Angela; Charlie says "Woof!":wink:


----------



## paphioboy (Jun 7, 2017)

Wow! Fantastic! :clap::clap::clap: What mulch is it that you use, John? Looks like CHC to me..


----------



## JAB (Jun 7, 2017)

No bees = No bueno! Not a good sign for mother earth


----------



## John M (Jun 7, 2017)

Yes, paphioboy. It's small size CHC. The beds are filled with ProMix HP with about an inch or two of CHC.

Yeah, no bees is a concern!


----------



## fundulopanchax (Jun 7, 2017)

What a magnificient display of Cyp's!


----------



## abax (Jun 7, 2017)

I hadn't considered chipmunks. We have many,
many of them, but they usually stay around the
feeders and don't bother anything else.

The absence of bees worries the hell outta me.
There should be lots of honey bees around my
daylilies and I've seen carpenter bees, but no
honey bees this year. Both my sister-in-law and a niece have hives fairly close to us. I agree with JAB that if the honey bees go so do
we. Come to think of it, we have lots of trees blooming in the nursery fields and I don't see or
hear any around them.


----------



## phrag guy (Jun 8, 2017)

That is amazing John,whish I was there to see and enjoy the fragrance,I go out and smell mine all the time.


----------



## Wendy (Jun 8, 2017)

Those are awesome John! That patch grows so much every year.
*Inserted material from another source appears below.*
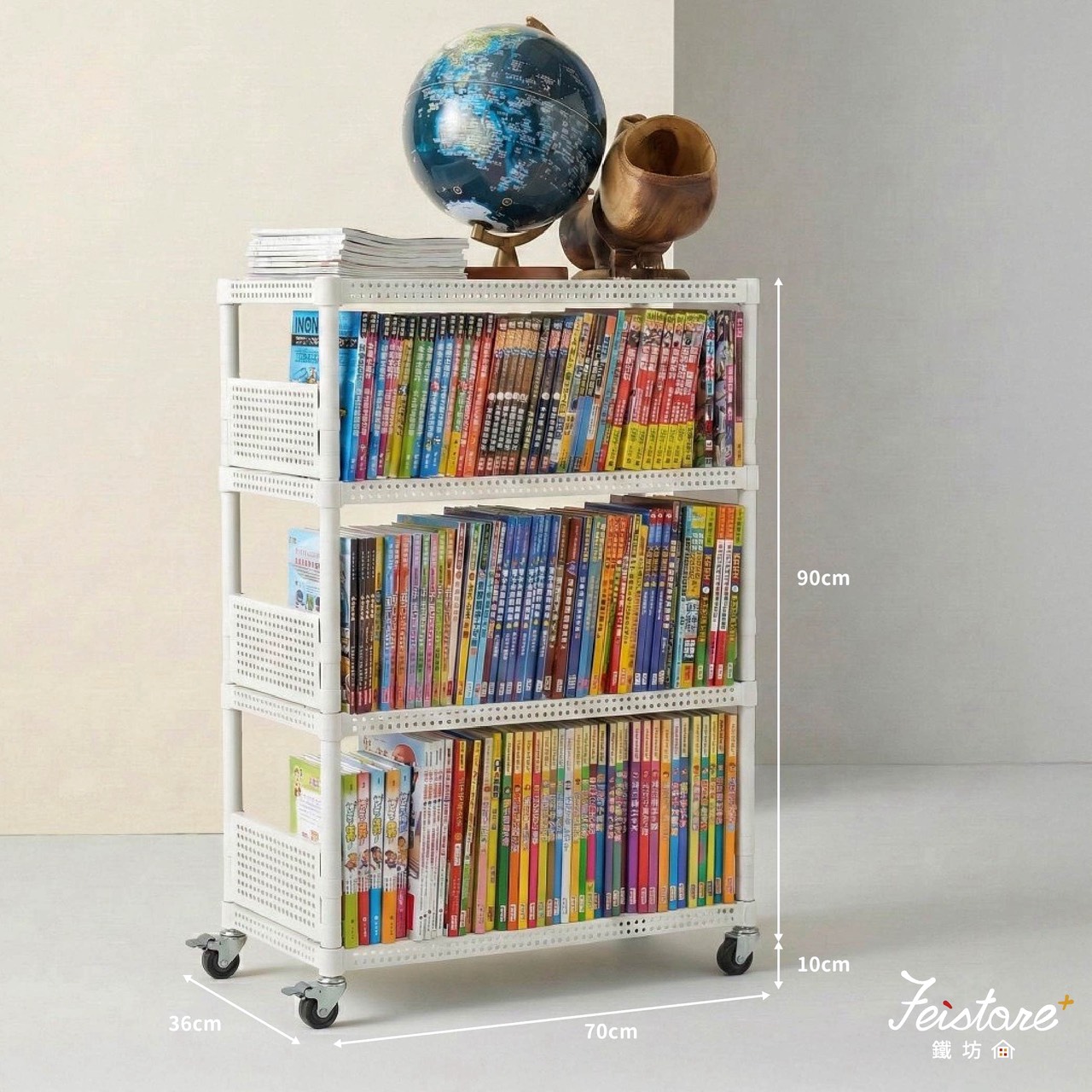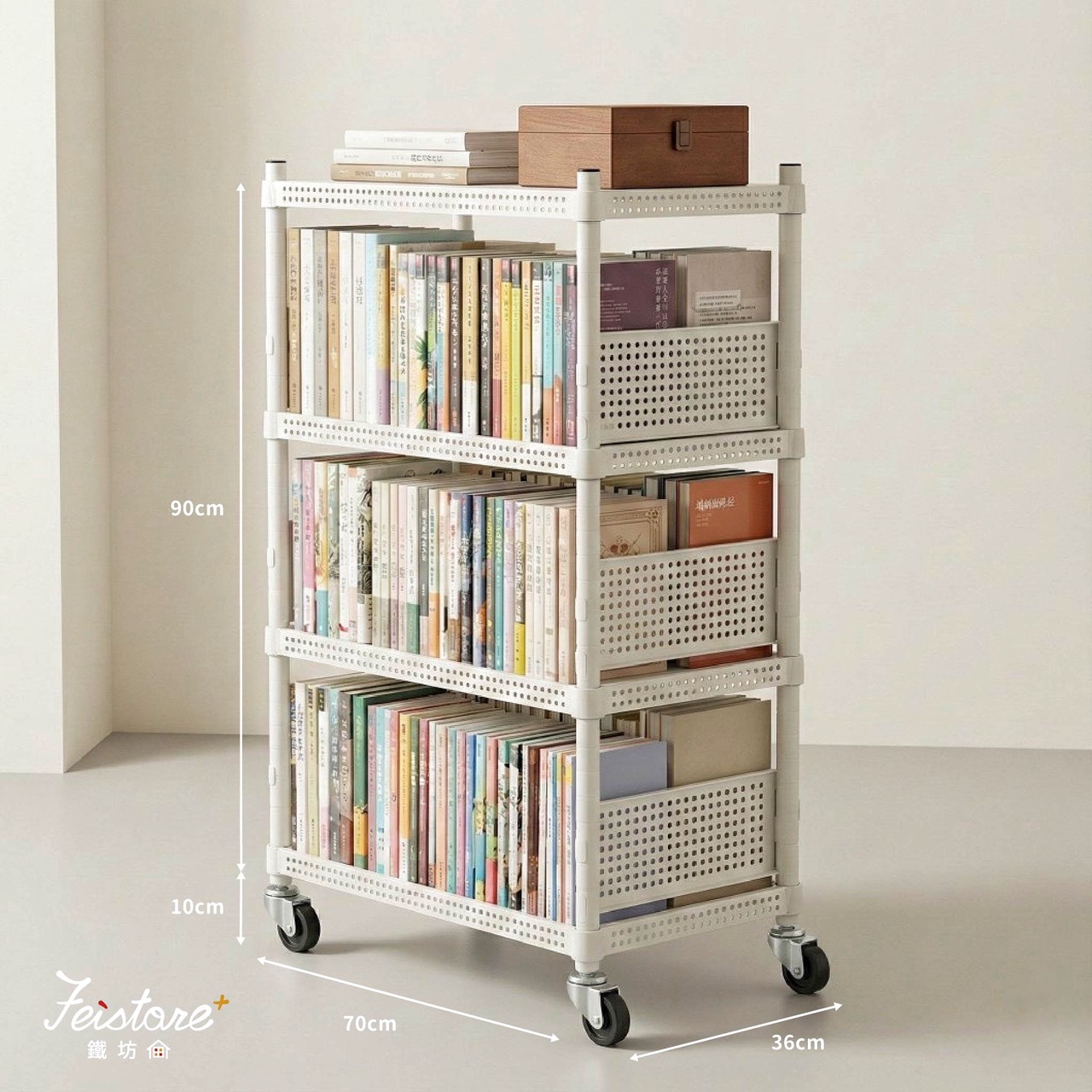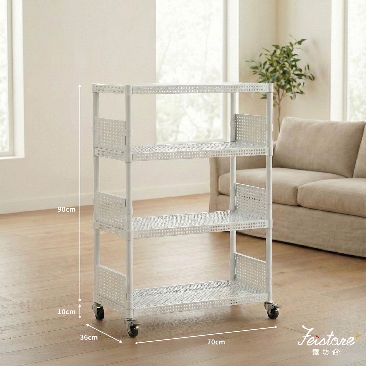 36深*70寬*90高-四層白色(一型)+36邊框六片+2.5輪(安全夾具)

Bees....here we have no problem. When our two apple trees and the pear tree were in bloom the trees 'buzzed' from the amount of bees. There were honey bees, bumble bees, carpenter bees and those icky yellow jackets. But the honey bees outnumbered all of them.


----------



## John M (Jun 8, 2017)

Thanks everyone.

Yes Angela, the lack of bees can become a HUGE issue for us all if populations crash everywhere. Let's hope it's just local anomaly.

Wendy, now I remember you telling me that about your fruit trees. Odd that we would each have such different bee numbers this year; but, good news. Perhaps the issue is just local in my area, for some reason? I wonder what it could be? I've never seen a spring season with so few bees.


----------



## Markhamite (Jun 8, 2017)

Very beautiful! Really amazing looking plants and flowers.


----------



## SlipperFan (Jun 8, 2017)

Wow!


----------



## cnycharles (Jun 9, 2017)

One thing to note about bee keepers and not seeing bees around; I was reading on a south Florida honey producer's website where they filled an 18 wheeler with hives and headed to California to pollinate almond groves! If your neighboring apiarists are of any size they may be taking their bees elsewhere at times for pollination 


Sent from my iPhone using Tapatalk


----------



## John M (Jun 9, 2017)

Good point, Charles. However, I believe this Apiary's focus is on honey production. Their product is in all the local stores and they have a little retail storefront in the front room of their house in Carlisle. I think it is a small family business that wouldn't be large enough to rent out hives to orchards. However, I'll ask the next time I go over to re-fill my honey jar.


----------